Mais je vais vous le dire tout de go, la promesse s'est montrée dans mon groupe de joueurs beaucoup plus probante sur le papier que dans la réalité. Je ne sais pas si c'est nous ou un problème dans les cartes, mais après quelques tentatives infructueuses, les joueurs ont rapidement abandonnés l'espoir de profiter de ces leviers pour la jouer seul dans son coin, en tentant d'optimiser les cartes piochées à chaque tour comme dans tout bon JCC / JCE.
Cela ne serait malheureusement pas un problème s'il n'y avait pas des decks de familles basés justement sur l'influence (une ressource fictive du jeu) que l'on gagne beaucoup en manigançant à gauche et à droite, ce qui offre finalement un grand avantage aux paquets plus orientés sur le combat et la puissance intrinsèque de ses troupes.
Et c'est vraiment dommage. Car indiscutablement, Vampire : The Masquerade Rivals vient avec pas mal de belles idées.
Il y a déjà ce système ingénieux de rivière de cartes communes qui représente la ville du conflit (San Francisco dans la boîte), avec ses évènements aléatoires et ses mortels que l'on peut à sa guise déguster pour se soigner ou recruter pour améliorer sa position.

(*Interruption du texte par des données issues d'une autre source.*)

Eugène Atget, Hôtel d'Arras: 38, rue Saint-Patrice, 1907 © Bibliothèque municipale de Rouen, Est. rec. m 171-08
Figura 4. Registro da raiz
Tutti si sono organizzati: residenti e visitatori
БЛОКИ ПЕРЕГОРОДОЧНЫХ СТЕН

Il y a aussi ce très intéressant système de titres, qui permettent d'améliorer sensiblement les capacités de ses vampires, avec en point d'orgue le très convoité "Titre de la ville" qui permet d'emmagasiner notamment un point de Cabale par tour. J'aime aussi cette idée de jetons Prestige qui servent à la fois pour recruter et de points de vie, et qui demande très rapidement de faire des choix entre taille de son bestiaire et risques que l'on prend pour sa propre survie.
Mais tout cela finit irrémédiablement par favoriser ceux qui arrivent à faire survivre leurs troupes le plus longtemps sur la table, ce qui passe plus facilement par des affrontements en ville (pour récupérer de la vie) et contre les autres joueurs pour faire baisser leur capacité à vous menacer.

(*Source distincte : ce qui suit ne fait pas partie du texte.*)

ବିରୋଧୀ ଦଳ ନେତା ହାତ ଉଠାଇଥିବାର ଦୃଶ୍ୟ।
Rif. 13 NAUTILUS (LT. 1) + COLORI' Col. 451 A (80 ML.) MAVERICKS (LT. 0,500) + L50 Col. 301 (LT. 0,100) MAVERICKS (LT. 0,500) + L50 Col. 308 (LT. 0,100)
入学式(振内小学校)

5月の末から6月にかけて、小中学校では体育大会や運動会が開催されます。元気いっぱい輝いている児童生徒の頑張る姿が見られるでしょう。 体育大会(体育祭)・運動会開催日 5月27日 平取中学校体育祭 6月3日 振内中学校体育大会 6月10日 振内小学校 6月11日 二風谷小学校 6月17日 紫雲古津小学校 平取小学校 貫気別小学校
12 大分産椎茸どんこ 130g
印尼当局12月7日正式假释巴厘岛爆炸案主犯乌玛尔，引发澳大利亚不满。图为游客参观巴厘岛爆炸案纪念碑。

Et ce qui n'arrange rien, c'est que le jeu est dense ... mais dense ! 2 decks et 2 zones de jeu pour chaque joueur, la possibilité de grouper des vampires, des séquences d'attaque en 12 étapes (sur le résumé de la règle), un système de 11 disciplines, ... le jeu amène des mécaniques qui rendent forcément l'expérience plus riche, mais qui rajoute aussi continuellement des exceptions et de nouvelles règles dans des cas très précis.
Ce qui fait qu'on a d'avantage la sensation d'un amalgame d'idées mécaniques un peu superficielles et situationnelles, plutôt qu'un jeu qui offre un ensemble cohérent porté vers l'amusement ludique. Et rien à dire de plus que c'est ballot, surtout pour un titre qui était sensé fluidifier un jeu original riche mais bien trop long et complexe selon les standards actuels.
Ces choix techniques ne sont heureureusement pas bloquants (même si l'apprentissage peut vraiment prendre du temps) et arrivent à maintenir l'intérêt dans le jeu à 3 ou 4 joueurs, même si les parties peuvent s'éterniser et le hasard du tirage rendu plus prépondérant. Mais à deux joueurs, quand on aime généralement les jeux de duel dynamiques et rythmés, où les choix individuels priment sur la réussite au tirage, Vampire : The Masquerade Rivals ne coche vraiment pas toutes les cases.
Alors, c'est certain, je ne suis pas le plus à même de donner un avis d'expert sur le genre, et mon groupe et moi n'avons pas poussé Vampire : The Masquerade Rivals jusqu'à maîtriser les paquets de base et créer nos propres decks (grâce aux 60 cartes supplémentaires).
Mais j'ai quand même été un petit joueur de Magic dans ma jeunesse, et j'apprécie à chaque fois de ressortir ma boîte de Marvel : Champions pour m'extasier à relever des défis et tenter des coups de maître. Des sensations que je ne retrouve résolument pas ici, ce qui me fait dire par ma modeste expérience que ce Vampire : The Masquerade Rivals, malgré un thème bien imprégné et de jolies promesses de gameplay sur le papier, manque malheureusement un peu trop de tout pour rentrer, dans l'état, dans le panthéon des JCE modernes.